Resposta: c,a,f,b,g,e,h,d
06- Por que a primeira professora do narrador é inesquecível para ele?
Porque ela deixou marcas negativas(impressões negativas) na vida dele.
07 - A professora Helena Antipoff revolucionou o ensino básico de Minas Gerais na década de 1940.
a) Com que objetivo ela provocou essa revolução?
Com o objetivo de mudar a forma de ensinar em Minas, que ainda estava no tempo da palmatória.
b) Como ela conseguiu atingir seu objetivo?

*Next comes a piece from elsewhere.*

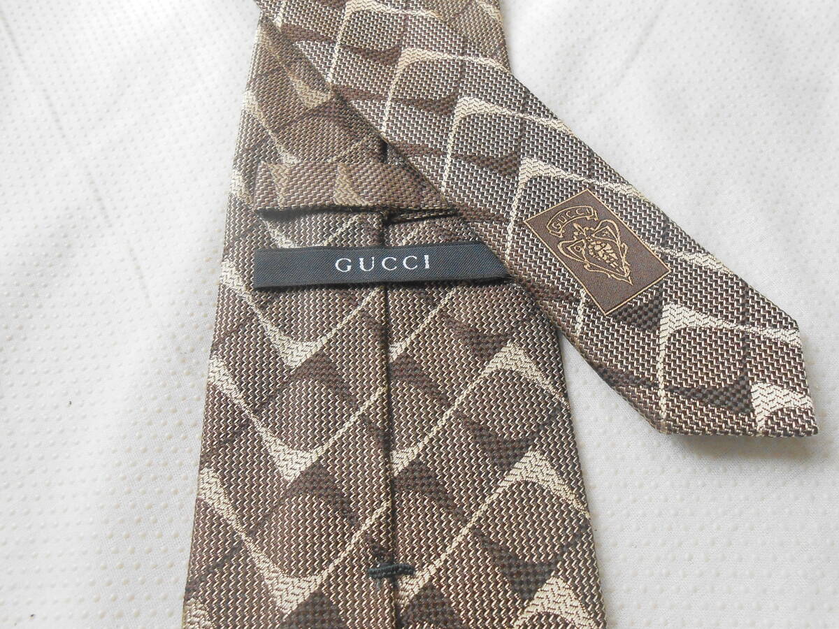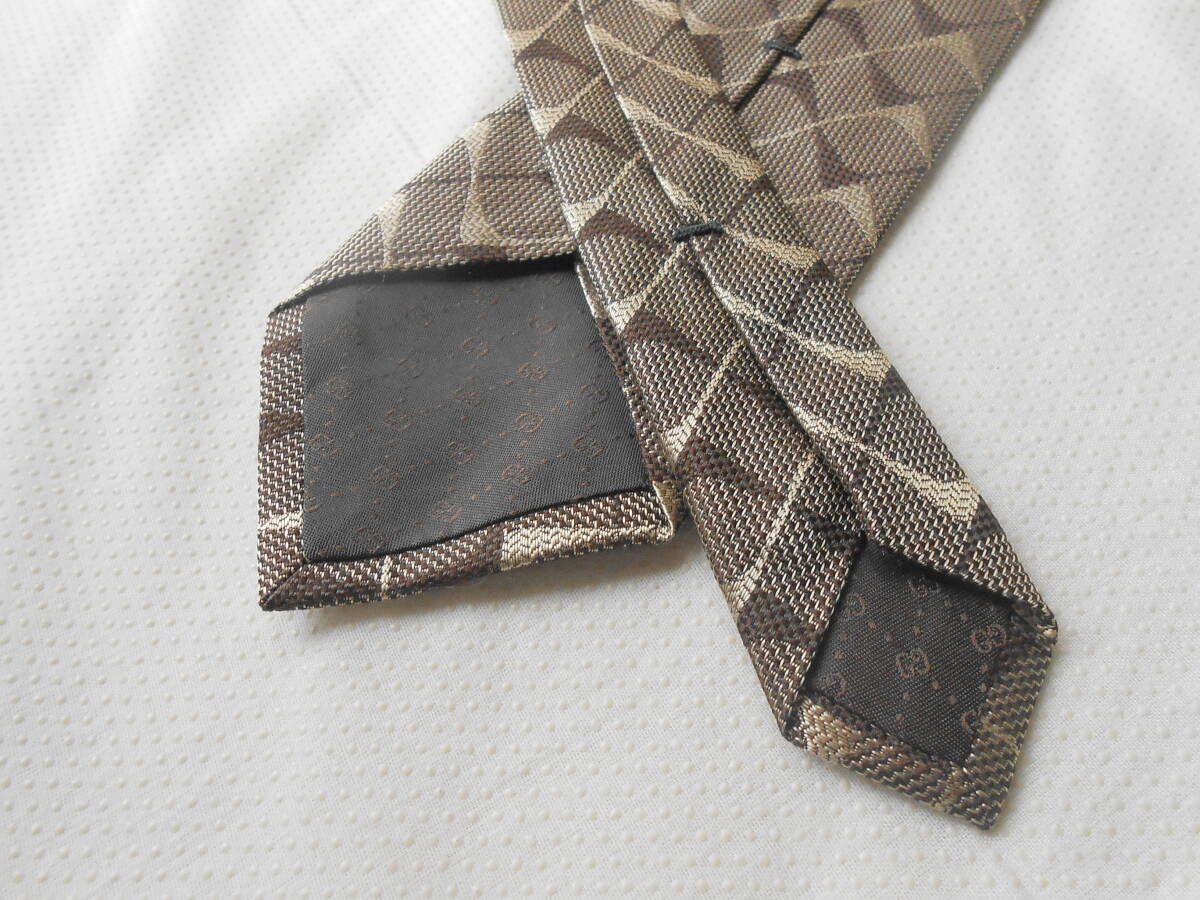E395美品GUCCIグッチ総柄模様お洒落厚手ネクタイ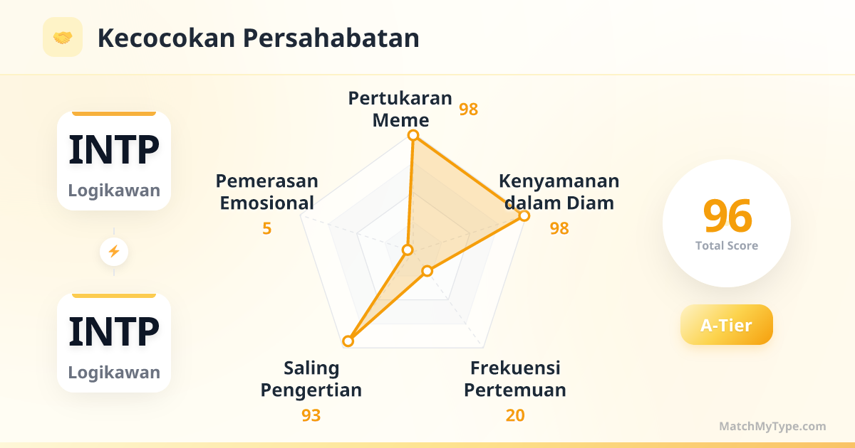Ini adalah resonansi dengan frekuensi yang sama sepenuhnya: **Ti (Introverted Thinking) x Ti**: Dua mesin logika pengejar kebenaran. Dialog Anda seperti seminar akademik yang presisi, terus mengoreksi definisi dan celah logika satu sama lain. Selama kedua pihak tetap objektif, ini akan menjadi pijatan intelektual yang sangat menyenangkan; namun jika salah satu menjadi keras kepala, itu akan berubah menjadi debat tanpa akhir. **Ne (Extraverted Intuition) x Ne**: Pengganda imajinasi. Satu INTP melontarkan asumsi konyol, yang lain bukan membantah, melainkan membangun istana di atas awan dari asumsi tersebut. Anda bisa menghabiskan semalam suntuk membahas "bagaimana peradaban berkembang jika manusia tidak punya jempol", kesenangan yang tidak bisa dipahami orang luar. **Fe (Extraverted Feeling) x Fe**: Ini adalah titik lemah keduanya (fungsi inferior). Keduanya buruk dalam mengekspresikan emosi dan tidak ingin berurusan dengan hubungan interpersonal yang rumit. Sisi baiknya tidak ada yang bersikap tidak masuk akal, sisi buruknya adalah keduanya mungkin memendam perasaan yang mendalam namun wajah tetap datar, menyebabkan kesalahpahaman muncul.

Ela percebeu que não podia mudar nem a mentalidade nem o modo de ação dos educadores com experiência, então formou 150 jovens idealistas, que ficaram encarregadas de promover essas transformações nas escolas mineiras por dentro.
08 - Compare: em que aspectos as professoras Dulce e Glorinha se diferenciam?
Dulce, como o próprio narrador diz, não era nada doce. O texto relata fatos que permitem percebê-la como uma pessoa preconceituosa e pouca atenciosa com ele. Já Glorinha é descrita como uma pessoa inovadora, atenciosa, sensível e afetiva.
09 - O narrador, ao contar com detalhes os fatos relacionados às professoras Dulce e Glorinha, também as descreve? Justifique sua resposta.
Sim, por meio da narração dos fatos, Ziraldo também caracteriza as professoras.
10 - Qual é a contribuição dos trechos descritivos ao relato das experiências escolares do narrador?
Os trechos descritivos contribuem para que o leitor visualize mentalmente as professoras consideradas inesquecíveis para o narrador, tanto pelo lado negativo como pelo positivo.
11 - O texto lido é um relato de memória. Responda:
a) Em que foco narrativo ele foi escrito?
Foco narrativo em primeira pessoa.
b) Qual é a importância de o narrador adotar esse foco no relato de memórias?
Ao adotar a perspectiva de primeira pessoa, o narrador reforça sua participação nos acontecimentos, ou seja, passa a ideia de que, de fato, é um personagem do relato.